In Dirks v. SEC, 463 U.S. 646 (1983), the United States Supreme Court found that a tippee may be liable for trading on the basis of material, nonpublic information if he or she knows that the tipper disclosed inside information in breach of a duty and for a personal benefit.  The Court stated that a personal benefit may be inferred when the tipper receives something of value in exchange for the tip or “makes a gift of confidential information to a trading relative or friend”.   In Salman v. United States, 137 S. Ct. 420 (2016), the Supreme Court made it clear that the tipper need not receive something of pecuniary value from the tippee, it is enough that the tipper provided the information as a gift to a trading relative or friend.

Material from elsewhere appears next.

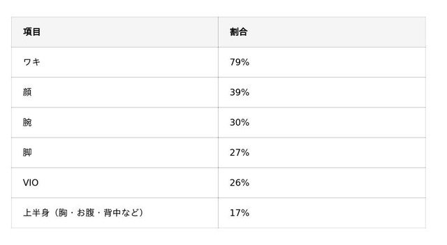 施術箇所に関する質問では、「ワキ」と回答した人が最も多く、全体の79%を占めました。

Yesterday, the Securities and Exchange Commission filed a civil complaint alleging insider trading by two individuals – David Sargent and Christopher Klundt.  Mr. Klundt was employed by the issuer in question and is alleged to be the tipper.  Mr. Sargent is alleged to be the tippee.  The SEC alleges that “Klundt communicated material nonpublic information to Sargent in exchange for a personal benefit or with the expectation of receiving a benefit”.  Noticeably lacking is any allegation as to what that benefit was.  The complaint does include several allegations concerning the two defendants’ friendship.  It will be interesting to see whether these allegations of the defendants’ amity will suffice under Salman and Dirks.